Uncovering the climate gases that control our tropical coasts
For most people it's the characteristic smell of the sea, but for marine biologists dimethyl sulphide (DMS) and similar compounds play a key role in cloud formation and can be used by predators to locate prey.
Now new research from an international team of scientists reveals that these compounds, known collectively as Biogenic Volatile Organic Compounds or BVOCs, could well determine how our changing planet impacts tropical marine ecosystems, some of the most sensitive, yet productive, regions on earth.
"Organisms associated with tropical coasts, such as corals, are the highest producers of BVOCs on the planet. Decades of research from other environments would therefore suggest a critical role for BVOCs," says Dr Dan Exton, Marine Research and Operations Manager with Operation Wallacea and lead author of the study published this month in Global Change Biology.
"However, despite supporting at least half a billion people worldwide, we actually know very little about many of the processes that will determine how our changing planet impacts coral reefs," he says.
The team used existing, as well as previously unpublished data to consider how current environmental conditions shape the production of these fundamentally important climate gases across tropical coastal marine ecosystems. The results of the study reveal that the role these ecosystems play as global production hotspots of BVOCs has been almost entirely neglected.
"Our study takes this wealth of knowledge and applies it to the many unknowns regarding the functioning of key coral reef processes, addressing issues such as coral bleaching, how the multitude of species interact with one another, and how predicted future changes in reef communities will impact the production of these chemicals and the benefits they bring," he says.

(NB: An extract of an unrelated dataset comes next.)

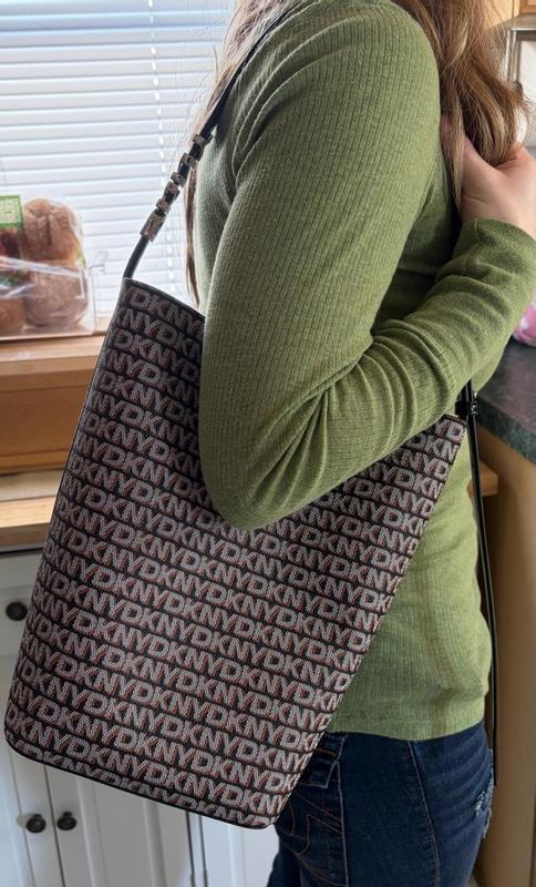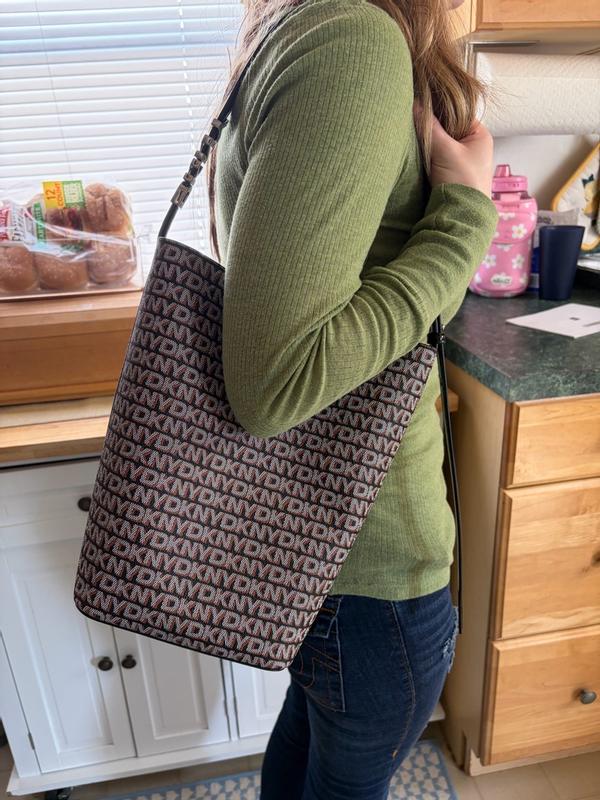 Oh my goodness! I really love this DKNY Avril bucket bag. I received this purse from Influenster in exchange for my honest review. This bag is so sturdy. Stands up when set down and the material on the outside not leather but is tough and feels like will really hold up to the elements and just using it. The snaps close really well and holds but not too hard to open. The DKNY words all over the pattern just gives it that funky vibe yet not too flashy. There are no pockets in this bucket bag but there is a little zip up purse inside that attaches by a hook that can add little things in that want to get quicker without searching the bottom. Plenty of room in that and thevpurse itself. The perfect size for me and I am enjoying using this bag. I would recommend this bag to anyone looking for a unique shape with plenty of room without looking so big. Thank you Influenster for this bag.

Co-author Associate Professor David Suggett, Team Leader in the UTS Coral Ecophysiology Processes Group, says the research highlights the severe lack in our current understanding about the interplay between the ecological, physiological and climatic roles of BVOCs in regions most at risk from climate change and environmental degradation.
"Tropical coastal areas are highly productive and biodiverse, but changing rapidly. We simply don't have enough information to estimate current BVOC production let alone predict future emissions," says Associate Professor Suggett, an ARC Future Fellow in The Plant Functional Biology and Climate Change Cluster.
"The conceptual framework we are proposing is that BVOCs are the keystone that links these fundamental roles together. These gases sculpt communities and how these ecosystems 'talk' to climate. The challenge for us now is to prove how the framework operates," he says.
Dr Exton says that a particularly intriguing line of investigation focuses on the prospect that these chemicals could act as buffers against the impacts of increased environmental stress.
"We know that production rates increase under stress conditions, and that these chemicals stimulate cloud formation, and thus nature could have a very useful weapon up her sleeve to help shade reefs as climate change progresses. However, other evidence points towards a positive feedback scenario where production could in fact decline above a threshold point, which would be very bad news indeed."
The team hopes that future research will test their approach by identifying and quantifying the nature of BVOC production within tropical marine ecosystems, from mangroves to coral reefs, and result in predictive models using data generated from the molecular to remotely sensed scale.